I am working with a complex dataset design shown here: .
I have followed the DESeq2 manual, but have not been able to find an appropriate matrix model that tests for the effects of Frag_Condition while controlling for Site and Individual (Genotype) effects. I believe the error lies in the fact that the "HH" Frag_Conditions are unpaired and are nested within the "Healthy" Colony_status. Here is what I have tried:
countData <- countData
colData <- colData
# Convert colData columns to factors
colData$Site <- as.factor(colData$Site)
colData$Colony_status <- as.factor(colData$Colony_status)

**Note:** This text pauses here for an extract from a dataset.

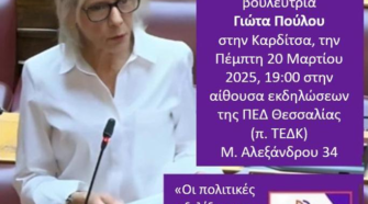 Η Επιτροπή Ειρήνης Καρδίτσας με αφορμή την παγκόσμια ημέρα ποίησης οργανώνει την Τρίτη 18 Μάρτη 2025, ώρα 7μ.μ. στη μουσική σκηνή «Οδός Ονείρων» (Βάλβη 57, Καρδίτσα) εκδήλωση με τίτλο: «Με σημαία την ποίηση και το τραγούδι δυναμώνουμε τον αντιπολεμικό αγώνα». Η εκδήλωση οργανώνεται σε μια περίοδο που πόλεμοι στην γειτονιά μας βρίσκονται σε εξέλιξη. Περιλαμβάνει …

colData$Frag_Condition <- as.factor(colData$Frag_Condition)
colData$Individual <- as.factor(colData$Individual)
colData$ind.n <- ave(as.factor(colData$Individual), colData$Colony_status, FUN = function(x) as.integer(factor(x)))
# Create model matrix
modelMatrix <- model.matrix(~Site + Colony_status:ind.n + Colony_status:Frag_Condition, colData)
# Remove all zero columns
all.zero <- apply(modelMatrix, 2, function(x) all(x==0))
all.zero
idx <- which(all.zero)
modelMatrix <- modelMatrix[,-idx]
modelMatrix
# Run DESeqDataSetFromMatrix
dds <- DESeqDataSetFromMatrix(countData = countData, colData = colData,design = modelMatrix)
# ERROR: Error in checkFullRank(modelMatrix) :
the model matrix is not full rank, so the model cannot be fit as specified.

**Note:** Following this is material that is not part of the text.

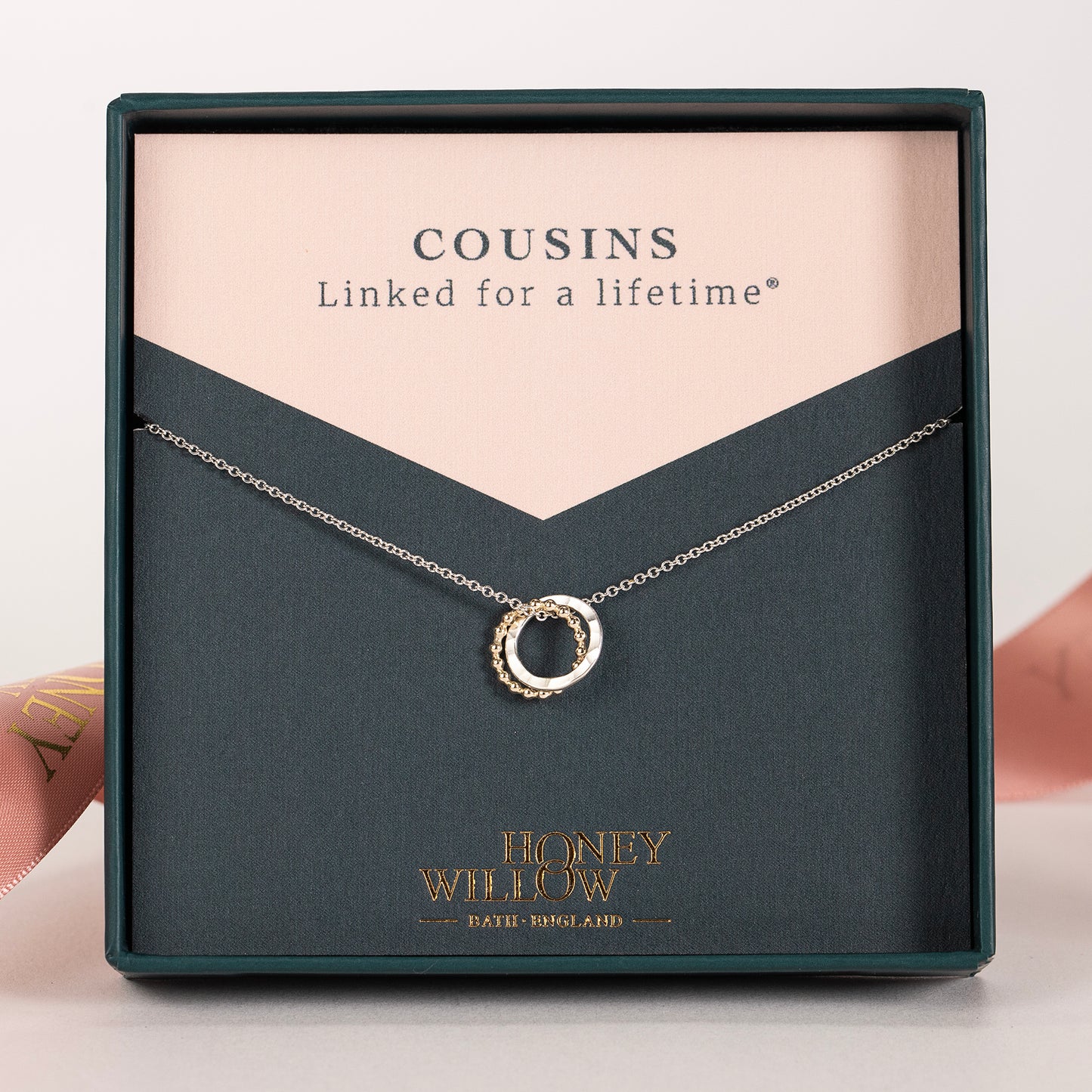 Celebrate the bond between cousins with a dainty 9kt gold and silver love knot necklace.

One or more variables or interaction terms in the design formula are linear
combinations of the others and must be removed.
If anyone has any suggestions for how to fix my matrix design it would be greatly appreciated!!! I've been scratching my head for a while now, and at a loss.
Update: It seems like any form of trying to add Individual (Genotypic effects) to the model results in the full rank error. Moving forward with ~Site + Frag_Condition for now.
Would still welcome suggestions for improvement since I know this probably isn't the best model.
Yes, individual is inherently nested within Colony_status. For these sorts of things, as Mike says, you should seek local consultation, or try and post at a wider community such as biostars.org, though usually it takes some back and forth to find the right analysis strategy, arguing again for a local collaboration.